Nothing Phone (3) First Impressions: A Bold Bet with Niche Appeal
After spending about an hour with the Nothing Phone (3), I can say one thing for sure — this is not a phone trying to play safe. It’s Carl Pei and the team doubling down on their identity. Whether that identity finds enough takers at this price point in India is the bigger question.
Let’s break it down.

Design: A Camera You Might Hate to Love
When the Phone (3) renders first leaked, I, like many online, winced at that oddly placed, asymmetric camera module. But in person? It's not as offensive as I feared. In fact, it's kind of interesting. There’s a certain confident weirdness to it, and somehow, the rear layout looks more “designed” than “compromised.”

Build-wise, it carries forward Nothing’s signature transparent aesthetic, similar to the Phone 2 and the 3A/3A Pro, the same sandwich of Gorilla Glass and a metal frame, with an IP68 rating now. In-hand feel is solid and familiar, though slightly heavier at 218 grams. Buttons and port placements are identical to the 3A series.
The real design story, however, is the Glyph Matrix.
Glyph 2.0: From Gimmick to Playground
The Glyph Interface isn’t new anymore, but on Phone (3), it finally feels like it has a reason to exist beyond just being flashy. You now get a full disc made of 489 micro LEDs capable of showing animations, basic icons, contact-based pixel avatars, and “Glyph Toys” like a timer, a compass, a mini Magic 8 Ball, and even a DIY selfie mirror.

There's a physical Glyph Button too — a single press lets you toggle through widgets and games, and a long press activates them. It’s fun, it's geeky, and it’s very Nothing. Whether that fun translates into long-term utility is something we’ll test in our full review.
What’s more promising is that Nothing is open-sourcing this interface for developers. So the Glyph might actually evolve into something smarter than just a light show. For now though, it’s still more form than function.
Nothing OS 3.5: Clean, Fast, and a Little Smarter
Out of the box, Phone (3) runs on Nothing OS 3.5, layered over Android 15. It looks and feels like Nothing – clean fonts, dot animations, monochrome widgets, but with more intelligence under the hood.
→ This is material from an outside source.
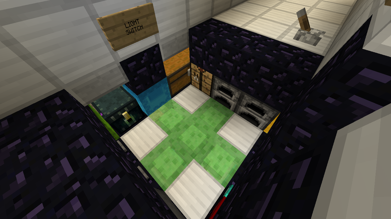 自從第四屆擂台賽之後,論壇好像沒有再舉辦過一個像樣的紅石比賽了。因此,我希望藉著這個蛋糕作品,以 Minecraft 最重要的其中一項元素——紅石電路——來紀念 Minecraft 誕生十週年!這個是一個巧克力蛋糕,上面再加上巧克力忌廉。雖然這個蛋糕表面上平平無奇,但實際上卻是充滿內涵!進入秘密基地的方法十分簡單,蛋糕上面其中一個朱古力忌廉會有一個按鈕,按照附近的告示牌的指示站在正確位置並按下按鈕,便能夠進入秘密基地。
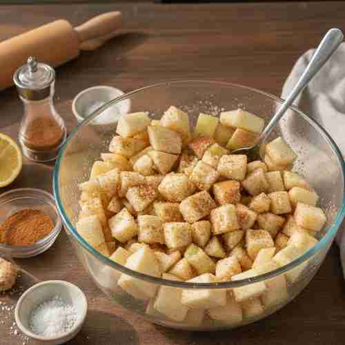 Wash the apples well, then peel them completely. Remove the cores and cut the apples into small, even cubes. Keeping the pieces similar in size helps the apples cook evenly while baking.

Performance during my short time with the phone was snappy. Apps launched fast, animations were fluid, and the UI feels intentional, not bloated. Features like Essential Space (your second brain for notes, screenshots, and voice transcriptions) are now out of early access and reportedly seeing adoption. Nothing says 1 in 5 users have tried it. If executed well, this could be one of those quietly powerful tools, especially for creators and busy professionals.
There’s also a new Essential Search — a system-wide smart bar you can pull up from the bottom to look up anything from contacts to currency conversion. Think of it as Spotlight Search for Android, but sleeker. I’ll reserve judgment for now, but it looks promising.
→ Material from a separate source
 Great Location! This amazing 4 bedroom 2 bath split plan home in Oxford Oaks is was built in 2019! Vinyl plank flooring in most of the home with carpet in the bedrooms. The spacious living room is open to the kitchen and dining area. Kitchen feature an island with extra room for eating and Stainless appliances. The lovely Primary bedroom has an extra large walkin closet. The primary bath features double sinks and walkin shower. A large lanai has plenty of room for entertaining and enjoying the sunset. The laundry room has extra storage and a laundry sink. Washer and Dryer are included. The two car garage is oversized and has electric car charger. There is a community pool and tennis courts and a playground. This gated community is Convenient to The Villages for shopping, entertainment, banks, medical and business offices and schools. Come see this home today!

Specs: A Snapdragon Sandwich with Missing Layers?
On paper, the Phone (3) runs on the Snapdragon 8s Gen 4, not the flagship 8 Elite. The difference might matter to benchmark nerds, but Carl Pei clearly wants to push the conversation back to real-world experience over raw specs. Same story with the USB Type-C 2.0 port, which is a slightly baffling choice for a phone that costs ₹79,999.
The display, though, looks fantastic. A 6.67-inch flexible AMOLED panel with up to 4500 nits peak brightness, 120Hz adaptive refresh rate, and HDR10+ support.
Verdict (So Far): Cool, But Niche
The Nothing Phone (3) is a risk. And I don’t mean that in a bad way.
It’s not a phone made for everyone. It doesn’t try to win on pure specs. Instead, it leans into personality, aesthetic, and a fresh take on interaction. And honestly, I respect that. There are too many clones in the smartphone market. Nothing is at least trying to do something different.

But at ₹79,999 (12GB + 256GB) and ₹89,999 (16GB + 512GB), it’s entering brutal territory — a segment where Apple and Samsung rule, and even established Android brands like Xiaomi, Vivo, and OPPO struggle to break through.
It’s not about whether the Phone (3) is a bad product, in my first impression it’s not. It’s well made, thoughtfully designed, and snappy in usage. But will Indian consumers see ₹80K worth of value in Glyph lights, Essential Space, and quirky design? That’s a harder sell.

If the Phone (3) manages to carve a niche community the way Air Jordans or hype watches do, it could work. But phones don’t benefit from exclusivity the way sneakers do. For a product line to scale, utility and value almost always win over aesthetic.
Still, I’ll say this: it’s refreshing to see a brand try.